The effects are already keenly felt. Before a historic deluge of rain last May, water levels in many of Texas’s lakes and reservoirs had fallen to 10 per cent capacity. “You see those bathtub rings around them,” says Hayhoe, who advises regional water managers throughout the state. And much of Texas’s aquifer is expected to run dry within 30 years.

Hayhoe’s stop in San Antonio—the hometown of Lamar Smith—was one of three Texas appearances in September in which she strived to balance dystopian predictions with notes of optimism. (“If we can’t agree on the politics, we can still agree on solutions.”) Hayhoe realized long ago that overwhelming audiences with bleak facts can be counterproductive. Better, she says, to “connect with people from the heart on whatever they care about: water for farmers; faith values for churchgoers; the four-way test of principles for Rotarians. Instead of starting from opposite poles, you’re starting from the same place, walking together.”

Another, more obvious, rhetorical strategem: Keep a lid on the politics. Farley believes being Canadian helps her, because she’s free from the tribal pressures of belonging to America’s major parties. “She’s neither Democrat nor Republican in her views,” he says. “That allows her to look at things from a perspective that is less political and more scientific.”

She will, however, argue Scripture. To those who believe planetary warming is an act of God that humans are helpless to change, Hayhoe counters with Biblical concepts of free will and God-given stewardship of the Earth. Same goes for those who believe climate change portends end times. “The whole attitude of, ‘Screw you, I’m going to do what’s best for me and let the world burn’ is a very un-Christian one,” she tells me. “I don’t understand how Christians could be that way.”

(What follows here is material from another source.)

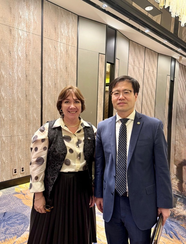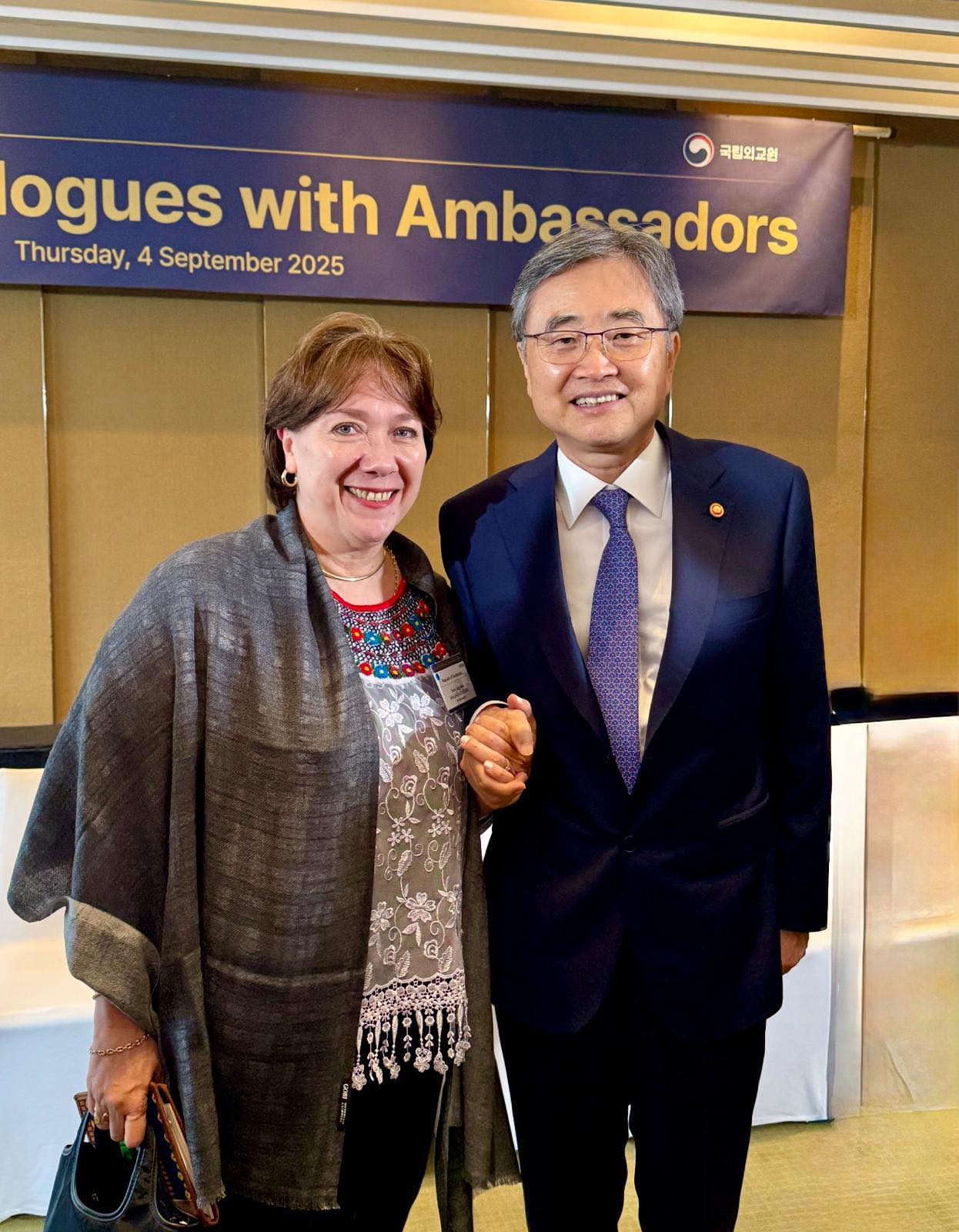 Seúl, Corea del Sur, 8 de septiembre de 2025. La Embajadora de Guatemala en Corea del Sur, Sara Solís, participó recientemente en una conferencia ofrecida por el Ministro de Relaciones Exteriores de Corea, Cho Hyun, organizada por la Academia Nacional de Diplomacia de Corea.

How far has she moved the needle of public opinion? For now, it’s hard to say. In a poll of 3,000 Americans last year, white evangelicals seem as blasé as ever about climate change, with 64 per cent saying they’re unconcerned about the issue. (By contrast, 73 per cent of Hispanic Catholics say they’re somewhat or very concerned.) And there’s no shortage of leaders feeding the denialism, as Hayhoe saw last April when she appeared before Austin city council. “For eons of time, before humans existed, there has been climate change,” declared council member Don Zimmerman, who prefaced his remarks by noting that he’d trained as an engineer at Texas Tech. “So climate change is normal. But the way the politics of this is set up, if it gets hotter and dryer: climate change. If it gets cooler and wetter: climate change. If there’s no change in the weather at all, it’s climate change. I see Chicken Little in this whole thing.”

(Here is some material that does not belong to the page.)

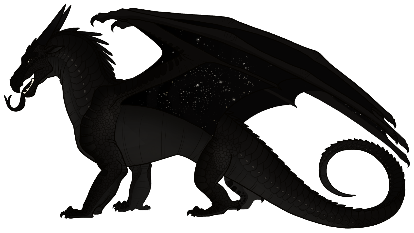Morrowseer had black-on-black scales[1] that were described to look like a bottomless pit.[2] The star scales on the underside of his wings curled inward like a snail shell[3] and glittered from a great distance, casting a cold glow.[2] He had heavy talons,[4] black eyes, a black snout, strong claws[5] and bright white teeth, as well as light gray spikes running down his back.[1]

Hayhoe politely directed Zimmerman to a website that addresses such arguments, noting that the pace of change now under way is unprecedented in 8,000 years. But she remains upbeat, confident she’s nudging her audiences toward an acceptance that will one day produce a tipping point. Her reception in Midland is a case in point. Unlike Hayhoe’s ill-fated trip to the city nine years ago, today’s session ends to loud applause, and many spectators linger to shake her hand, and talk. Jack Hardy, a 78-year-old retiree, admits he wouldn’t have come if it hadn’t been organized by his church, and seems open to Hayhoe’s message. “I don’t see how anyone can deny the climate is changing,” he says.

Not far away stands Bob Altany, a 58-year-old petroleum geologist whose outlook could not stand in sharper contrast to colleagues who attacked Hayhoe last time she was in Midland. “I think we should stop fighting the idea of climate change, accept the science and think what we can do,” he says. “It’s been a frustrating issue for me, because people in my industry see any taxation as a direct threat to our livelihood, to our whole image of what we do.”

Altany, a Methodist, admits that the closer he gets to retirement, the freer he feels to speak about the environmental impact of his industry. “What I find hopeful is she’s using faith to convince people,” he adds. “Yes, we really do need to take action. Yes, it can do good, and that alone should motivate us. This is something God wants.”